§ **PROBLEM TO SOLVE**:
Repeat the data in full. Drop every picture.

§ **GIVEN DATA**:
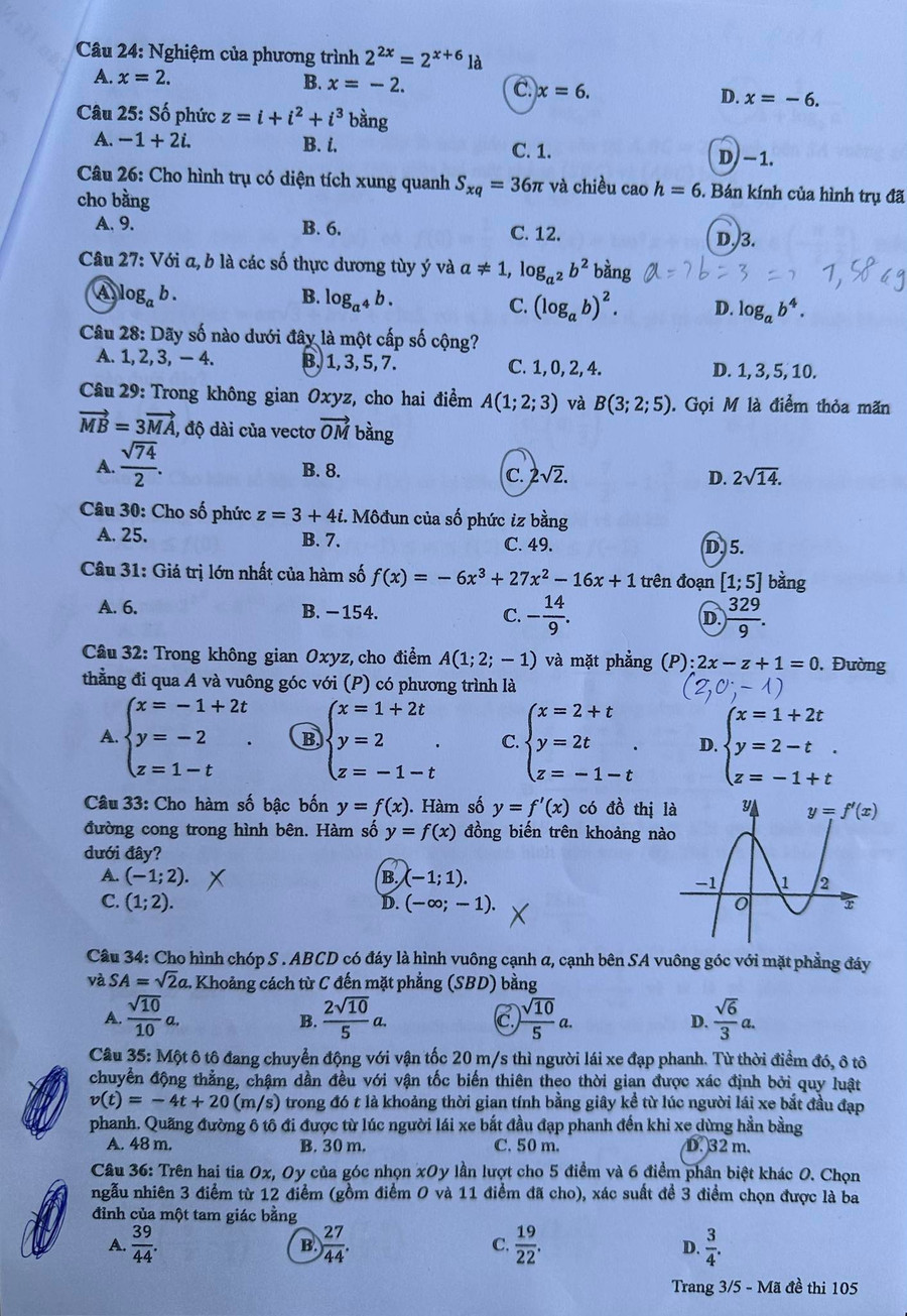 Mã đề 107 chỉ có 1 câu toán thực tế là bài chuyển động cũng quen thuộc với thí sinh. Không có câu về hình không gian quá khó như những năm trước.
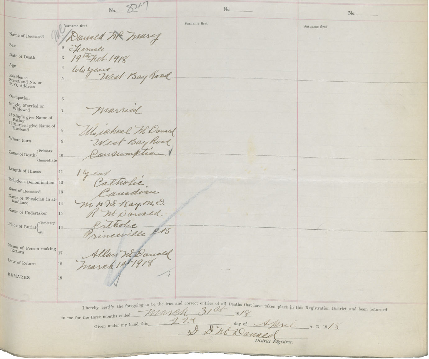 Death Registration: Year: 1918 book: 43 page: 249 number: 847
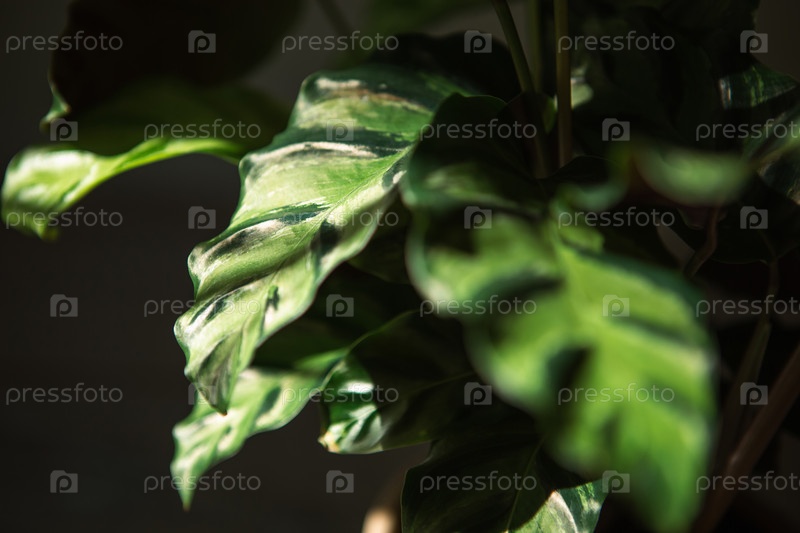Calathea Lietzei зеленый полосатый рисунок листьев в крупном плане. комнатные растения в горшках, зелёный домашний декор, уход и выращивание, сорта маранто
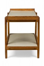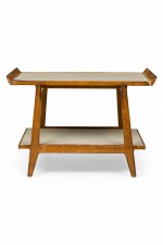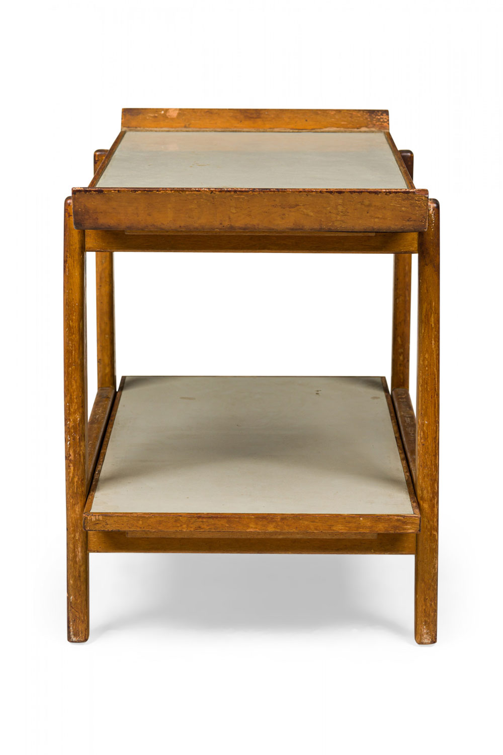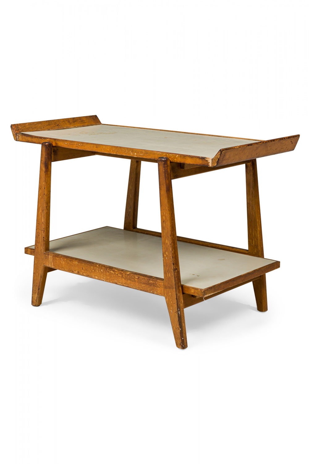 Danish Mid-Century two-tier serving table with a birch frame, light gray laminate shelf surfaces, and a removable tray top. (JENS RISOM).

§ **SOLUTION BELOW**:
 Mã đề 107 chỉ có 1 câu toán thực tế là bài chuyển động cũng quen thuộc với thí sinh. Không có câu về hình không gian quá khó như những năm trước.
 Death Registration: Year: 1918 book: 43 page: 249 number: 847
Calathea Lietzei зеленый полосатый рисунок листьев в крупном плане. комнатные растения в горшках, зелёный домашний декор, уход и выращивание, сорта маранто
 Danish Mid-Century two-tier serving table with a birch frame, light gray laminate shelf surfaces, and a removable tray top. (JENS RISOM).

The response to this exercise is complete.